The next month brought a snow so thick that it closed the highways between us. “I’ll take the train,” I told her, trying to keep my anxiety out of my voice. “I’ll just leave early.”
“How early?” she asked. When I told her, she wouldn’t hear of it. “I can’t even guarantee I can get to the shop. Don’t spend your whole day trying to get here. Next month.”
“Next month,” I agreed, pacing around my apartment. Was I not supposed to get the tattoo after all? Was it the wrong design, the wrong trees?

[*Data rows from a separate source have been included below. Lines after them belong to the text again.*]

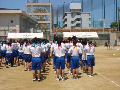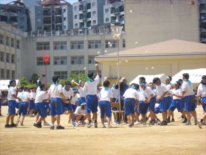 最初に集団行動、ウェーブをしました。声もよく出ています。その後、玉入れです。
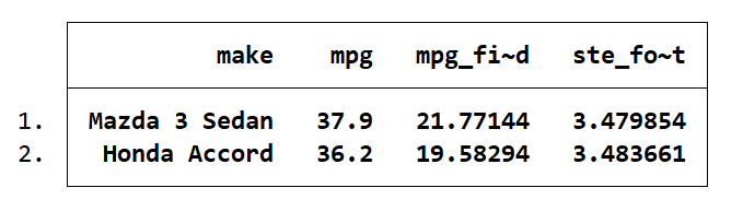 list make mpg mpg_fitted ste_forecast
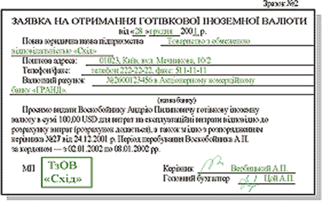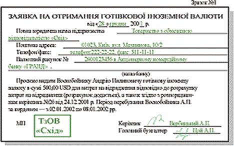 Наиболее распространенными случаями является получение наличной иностранной валюты с текущего счета на командировку и на эксплуатационные затраты за границей.
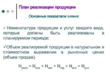 План реализации продукции Основные показатели плана ü Номенклатура
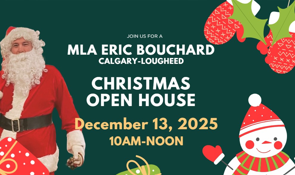 As we head into the holiday season, I’d like to invite you and your family to our Calgary-Lougheed Constituency office Open House on Saturday December 13, 10am-12noon at our office. It’s a great chance to connect with neighbours, celebrate the season, and share ideas for the year ahead. Details will be available through my constituency office and website, and I hope to see you there.
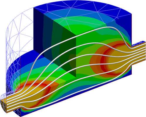The next example is still the Stokes problem, inside a 3D cylindrical tank. The picture show the norm of the fluid velocity, with some streamlines. 3D tank
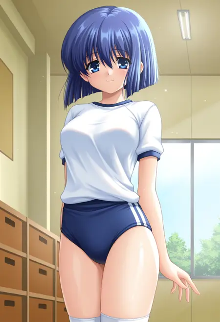 体育着, 体育シャツ, ショートスリーブ, 青いブルマ, 白い膝丈ソックス,
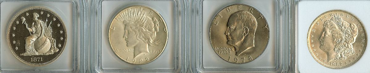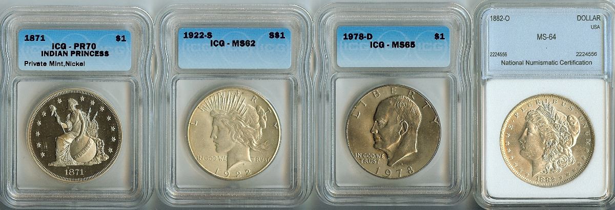 1882-O $1 NNC MS64, 1922-S $1 ICG MS62,1978-D $1 ICG MS65 + INDIAN PRINCESS PRIVATE MINT $1
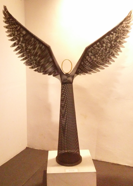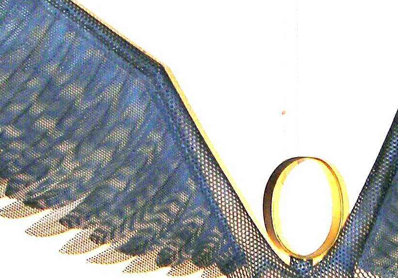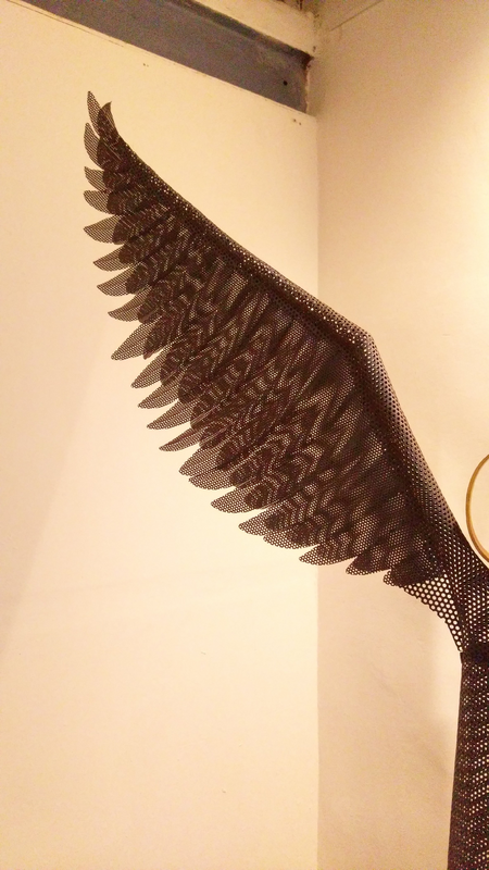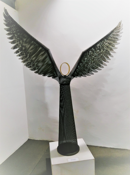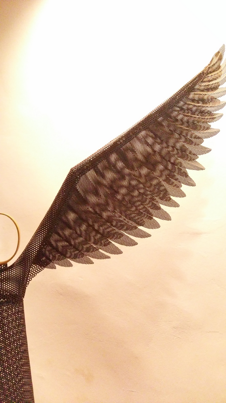 Aus Lochblech getriebener Engel. Durch die eigene Bewegung entsteht ein Moiré-Effekt der die Flügel mit seiner Federstruktur zum Leben erweckt.
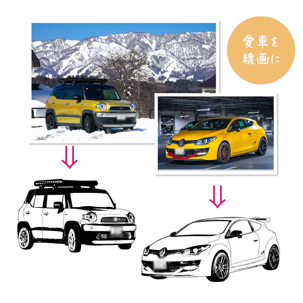 その写真をもとに、車の特徴を丁寧に捉えた線画を制作し、アクリル素材に美しくレイアウトしてデザインに組み込みます。
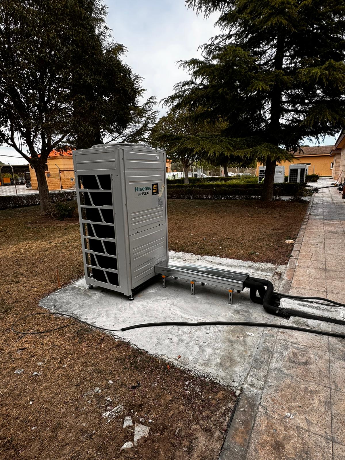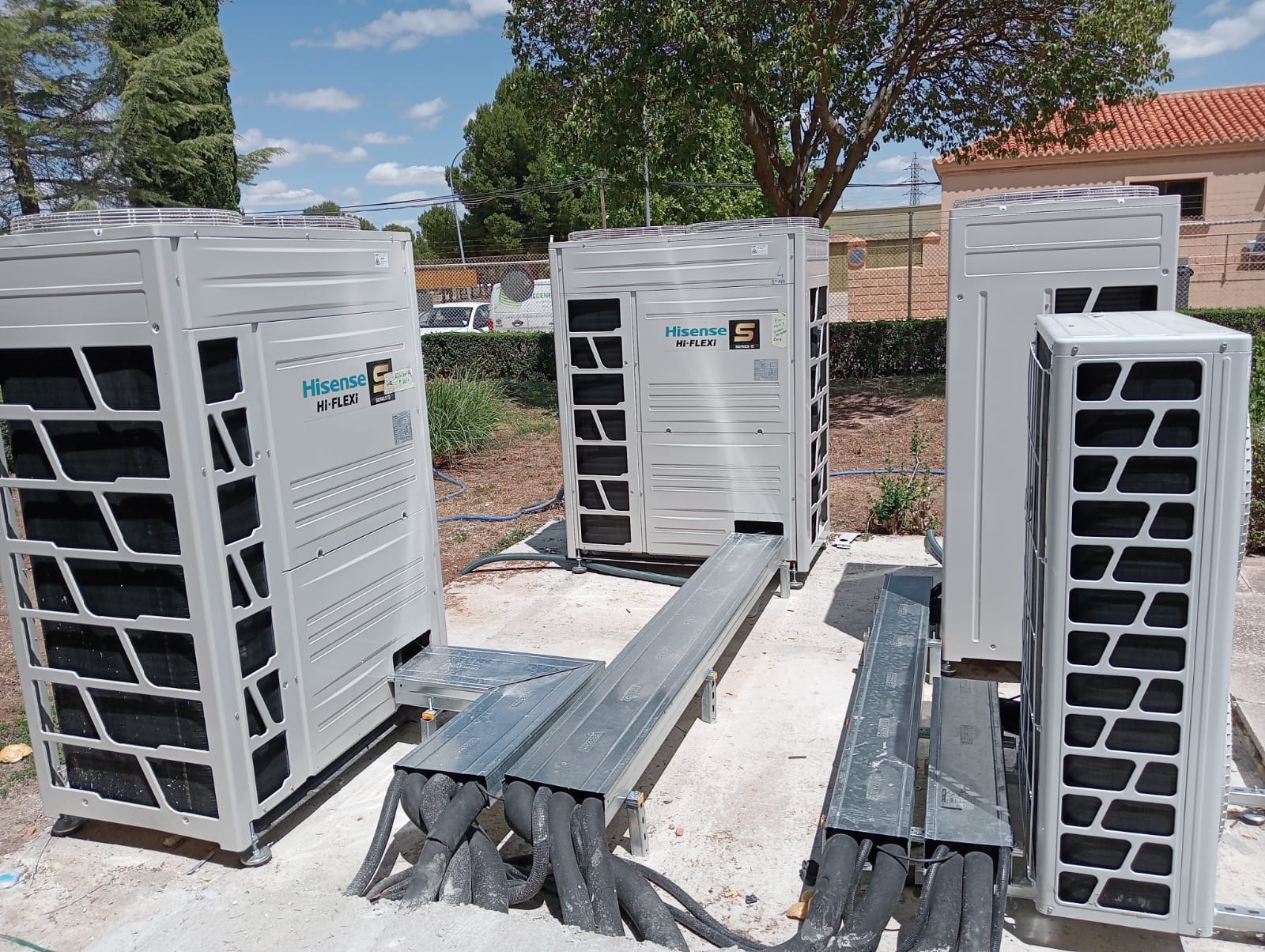 Air-conditioning installation consisting of 6 Hisense brand VRV air-conditioning systems with heat recovery, with a total capacity of 185 KW refrigeration, supplying 60 indoor units consisting of 28 splits and 32 cassettes of different power ratings.
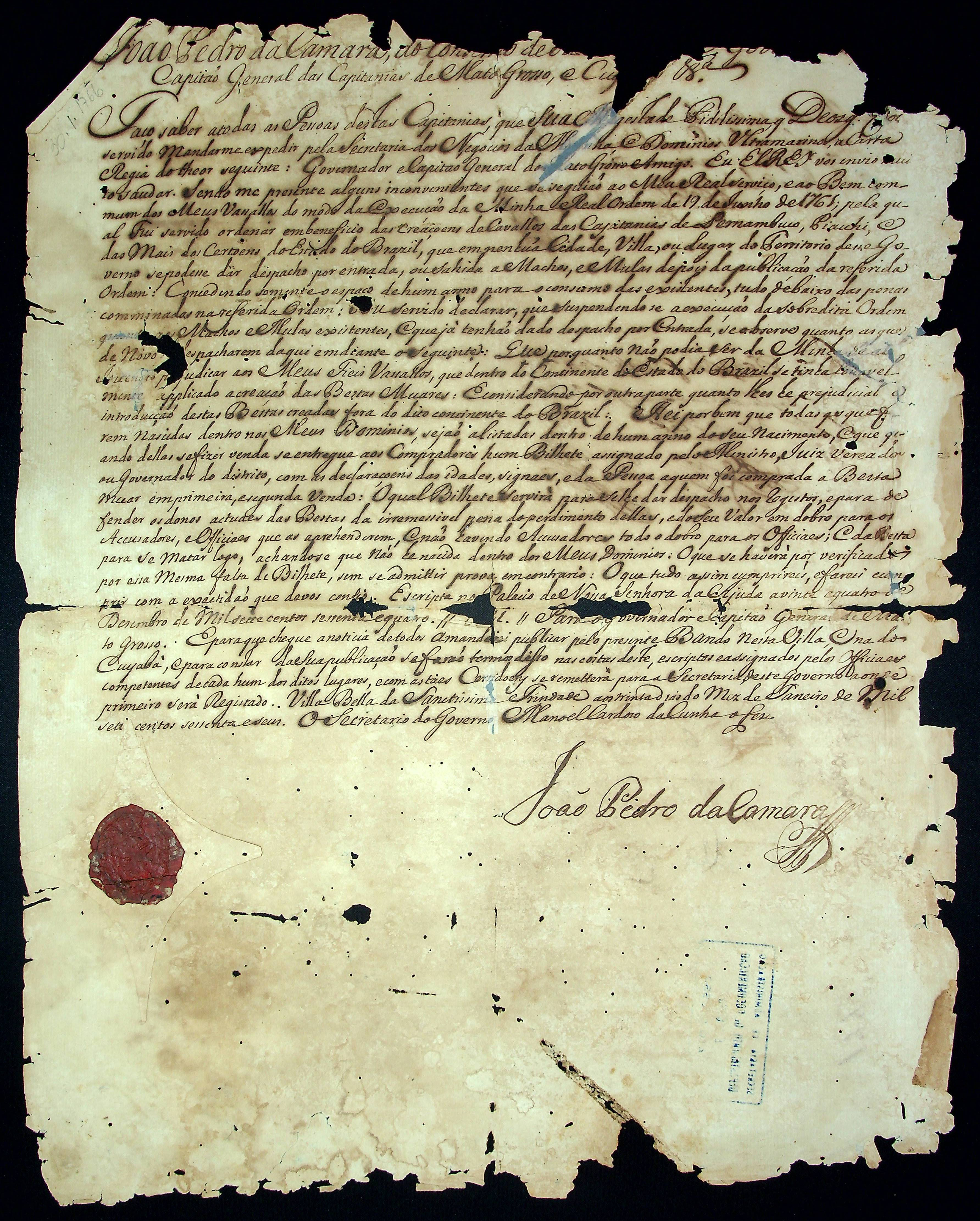 BANDO do Governador e Capitão General da Capitania de Mato Grosso João Pedro da Câmara.
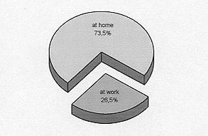 Epidemiological analysis The age of the patients ranged between 14 and 80 yr (Fig. 2). The accidents occurred most frequently to patients of active working age (20-60 yr). The mean age was 41.4 years, varying during the 5-year period from a minimum of 33.4 yr in 1992 to a maximum of 56.5 yr in 1994 (Fig. 3) The male to female ratio was 38:11 (77.6%:22.4%) (Fig. 4). In 36 cases (73.5%) the burns were suffered at home as a result of carelessness or criminal action (Fig. 5). Accidents at work constituted 13 cases (26.5%).
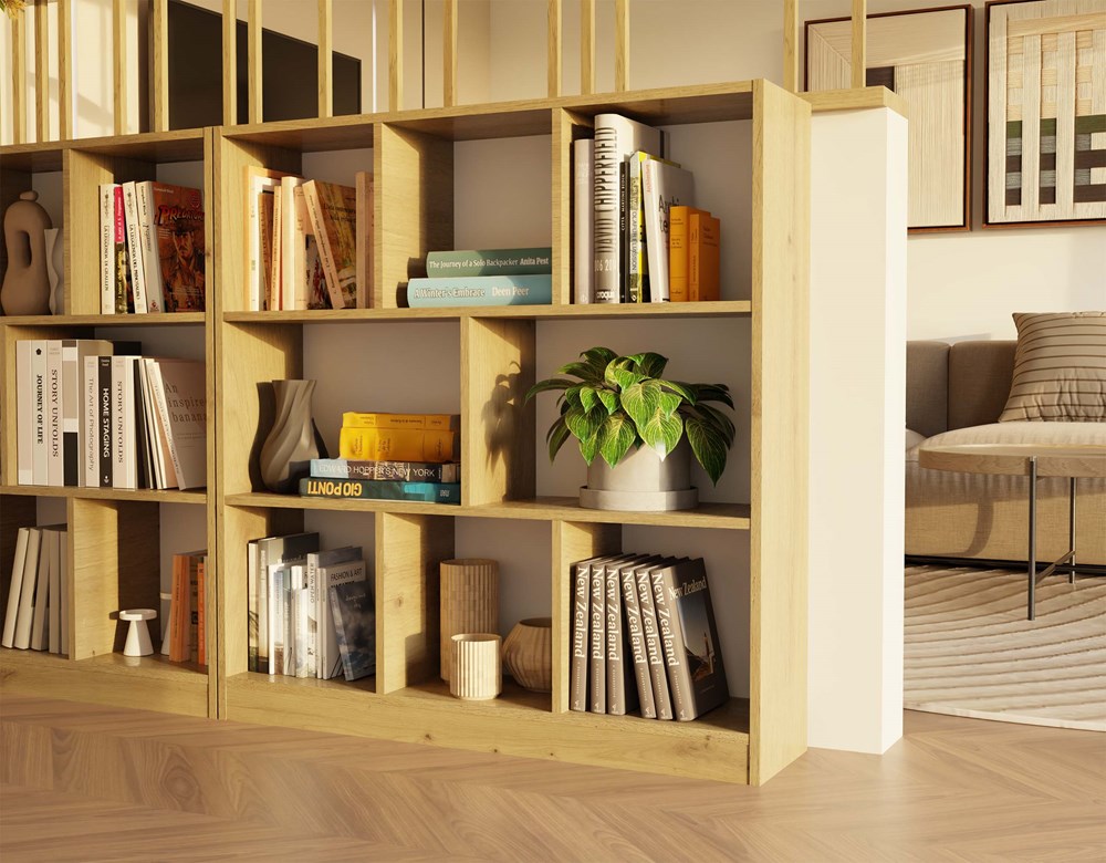 Ośmioprzegródkowy układ idealny na książki, dekoracje lub pudełka do przechowywania.
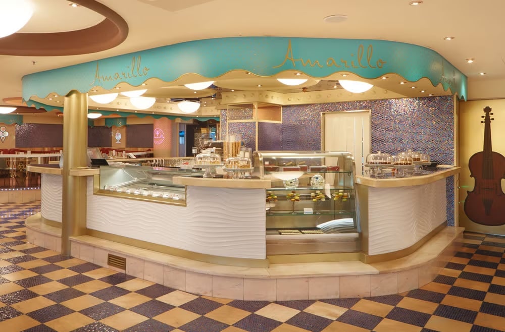 Na brodu se nalazi i 13 barova, uključujući vinski bar, kafeterije i barove pored bazena, sa bogatom ponudom koktela i pića iz celog sveta.
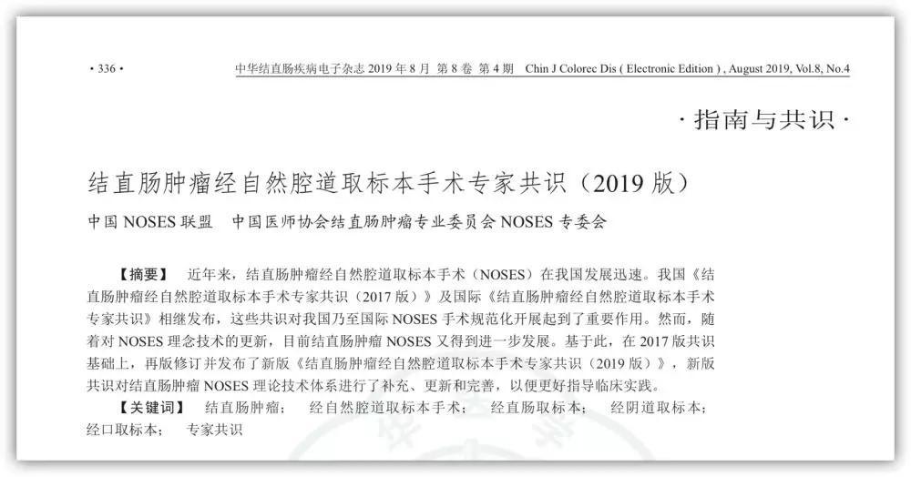 近年來,結(jié)直腸腫瘤NOSES更新速度非???,其理論技術(shù)體系也發(fā)生很大變化,2017年發(fā)布的《結(jié)直腸腫瘤經(jīng)自然腔道取標本手術(shù)專家共識(2017 版)》中很多內(nèi)容也無法滿足目前NOSES手術(shù)的臨床需要?;诖耍袊t(yī)師協(xié)會結(jié)直腸腫瘤專業(yè)委員會 NOSES 專委會及中國NOSES 聯(lián)盟的數(shù)十位專家,在 2017 版共識的基礎(chǔ)上,共同再版起草了《結(jié)直腸腫瘤經(jīng)自然腔道取標本手術(shù)專家共識(2019 版)》(以下簡稱《共識》)。
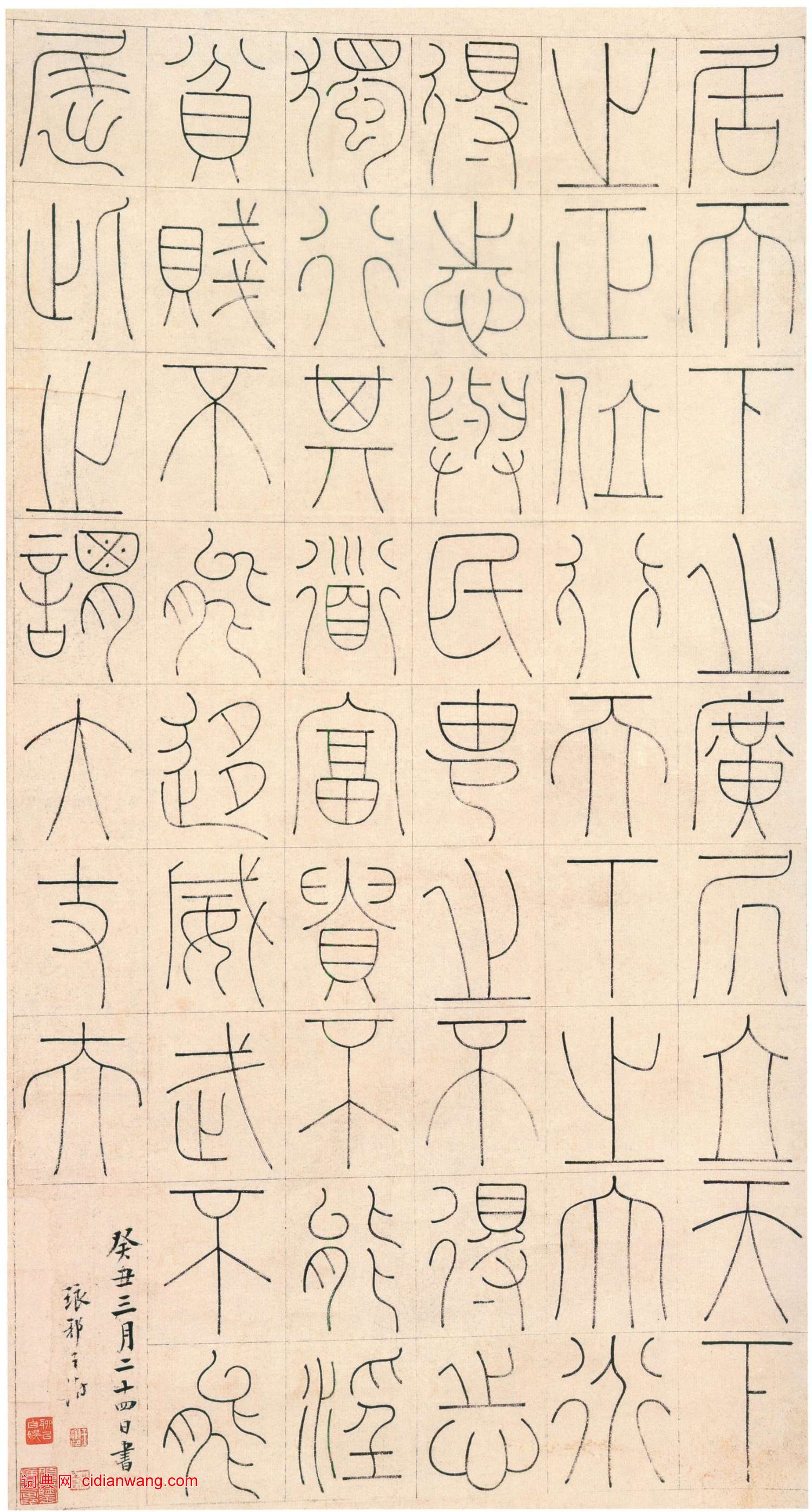 是軸字型規正,運筆勁健,風格俊逸,為玉筋篆體的佳作。此軸書於“癸丑三月”,鈐“王澍印”、 “恭壽”兩印。癸丑為雍正十一年(1733),作者時年六十五歲。

“I thought you were excited,” I said, lighting the candle on Robin’s altar. “Is it the memory stuff – is that a bad connotation? Or should I just avoid Kipling? You know I’m not a fan either.” While I’ll admit to having a case of Anglophilia, Kipling’s particular brand of propaganda tends to be the colonial and racist kind more often than not. I got no particularly clear answer, so I resolved to try once more. If the third appointment was canceled, if something kept me from getting there – well, I’d reconsider my options.
So it was just after Imbolc, with the world starting to stir towards warmth, when I found myself back in the chair at last, bare-shouldered and grinning and still unsure that I’d be getting a tattoo at all until the needle dropped.
“Third time’s the charm,” my artist said. She looked surprised at how hard I laughed. I had not remembered until that moment how important it is to ask for something three times in some fairy stories, to prove you’re sure you want it. I was suddenly aware of how much I was giving – and how much I stood to receive.
“You have no idea,” I agreed as the trees rolled down my skin, conduit and ward and charm.
1. ↩ Editor’s note: Following publication of this article, several readers reached out to mention that there is mention of the “oak, ash, and thorn” triad in sources earlier than Kipling. The phrase appears in Child Ballad 67A, “Glasgerion“, as attested in Thomas Percy’s 1765 collection:
Glasgerryon swore a full great othe,
By oake and ashe and thorne,
‘Lady, I was neuer in your chamber
Sith the time that I was borne.’
While Kipling made the phrase famous, it did predate him, and we regret the error.